Task directions: All of the data below is to be repeated exactly, except for the pictures.

START Information provided

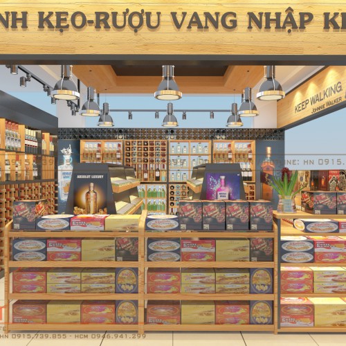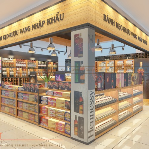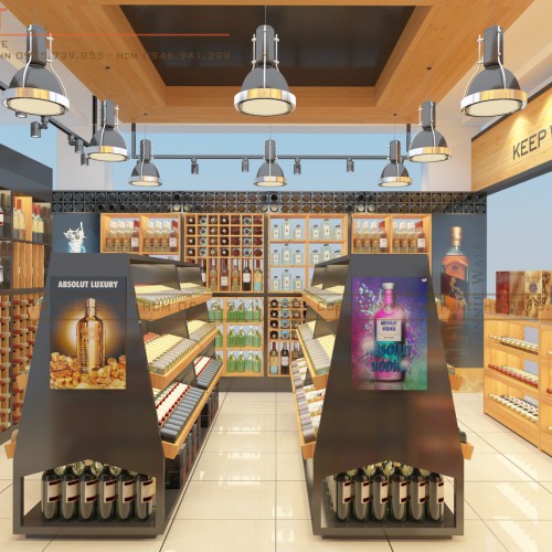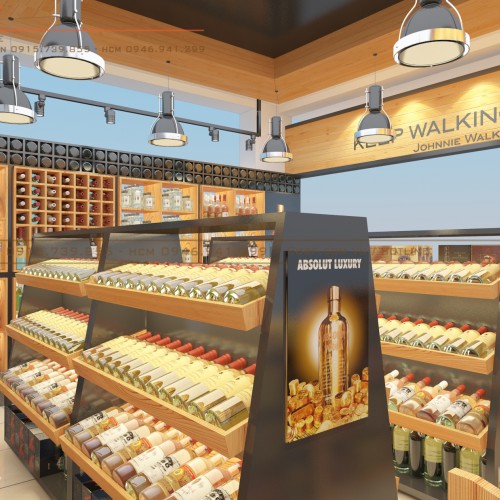 Gian hàng trong thiết kế nội thất siêu thị cũng sử dụng gỗ Melamine và khung sắt sơn tĩnh điện tạo nên sự vững chãi và giảm độ rung cho không gian trưng bày rượu.
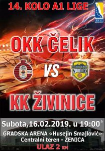 Utakmica OKK Čelik – KK Živinice na rasporedu je u subotu 16.2.2019.godine u gradskoj Areni „Husejin Smajlović“ u Zenici na centralnom terenu, sa početkom u 19 sati.
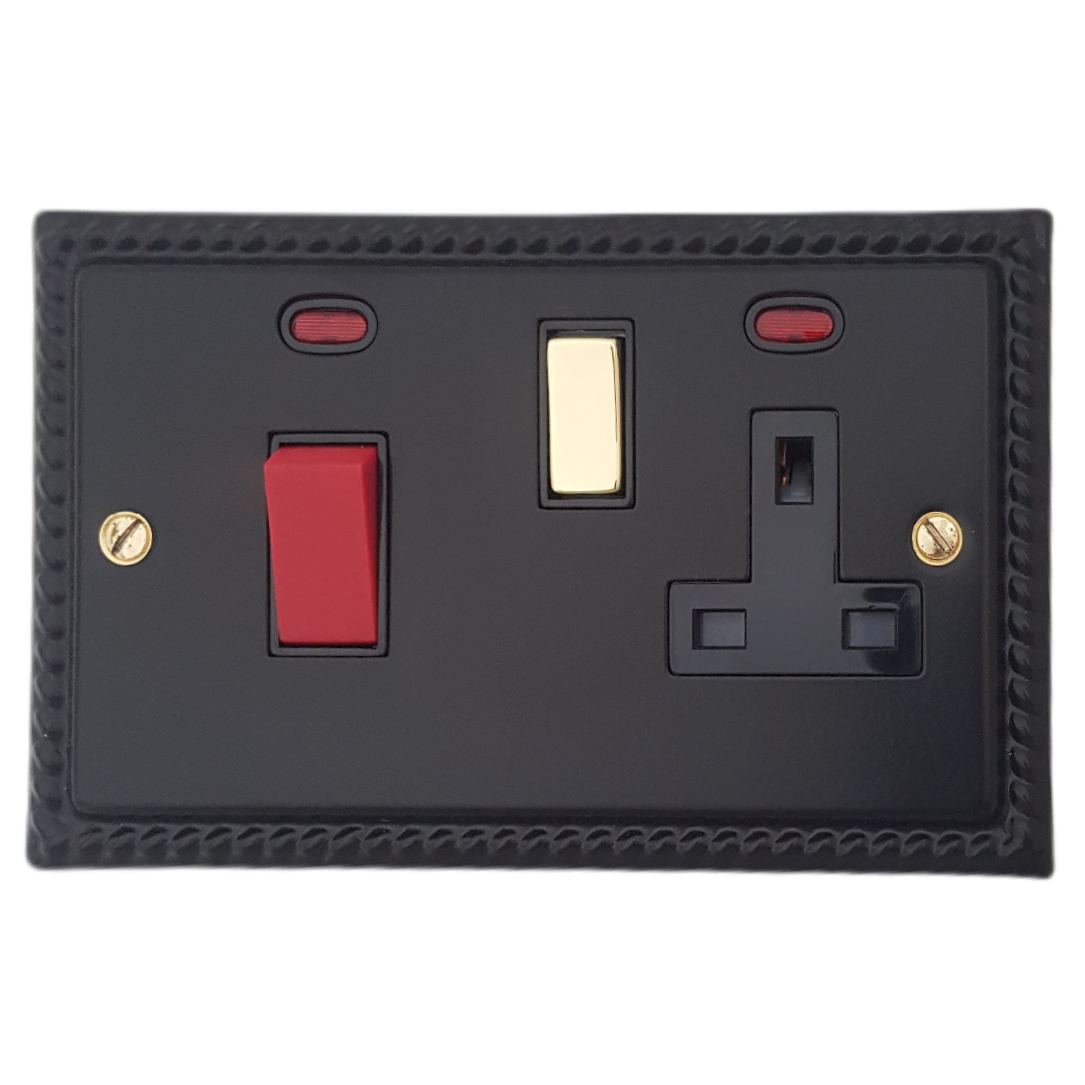 Georgian Black Cooker Switch with Socket (Black inserts/Red/Polished Brass Switch)
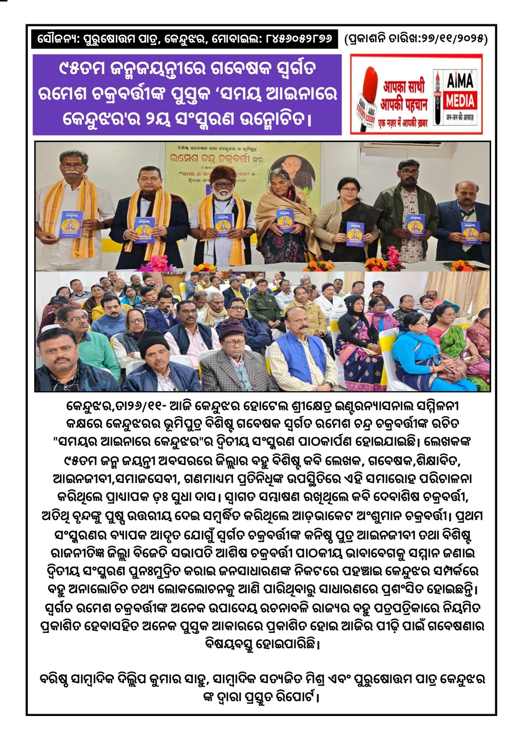୯୫ତମ ଜନ୍ମଜୟନ୍ତୀରେ ଗବେଷକ ସ୍ଵର୍ଗତ ରମେଶ ଚକ୍ରବର୍ତ୍ତୀଙ୍କ ପୁସ୍ତକ ‘ସମୟ ଆଇନାରେ କେନ୍ଦୁଝର'ର ୨ୟ ସଂସ୍କରଣ ଉନ୍ମୋଚିତ।

END Information provided

Final answer:
 Gian hàng trong thiết kế nội thất siêu thị cũng sử dụng gỗ Melamine và khung sắt sơn tĩnh điện tạo nên sự vững chãi và giảm độ rung cho không gian trưng bày rượu.
 Utakmica OKK Čelik – KK Živinice na rasporedu je u subotu 16.2.2019.godine u gradskoj Areni „Husejin Smajlović“ u Zenici na centralnom terenu, sa početkom u 19 sati.
 Georgian Black Cooker Switch with Socket (Black inserts/Red/Polished Brass Switch)
୯୫ତମ ଜନ୍ମଜୟନ୍ତୀରେ ଗବେଷକ ସ୍ଵର୍ଗତ ରମେଶ ଚକ୍ରବର୍ତ୍ତୀଙ୍କ ପୁସ୍ତକ ‘ସମୟ ଆଇନାରେ କେନ୍ଦୁଝର'ର ୨ୟ ସଂସ୍କରଣ ଉନ୍ମୋଚିତ।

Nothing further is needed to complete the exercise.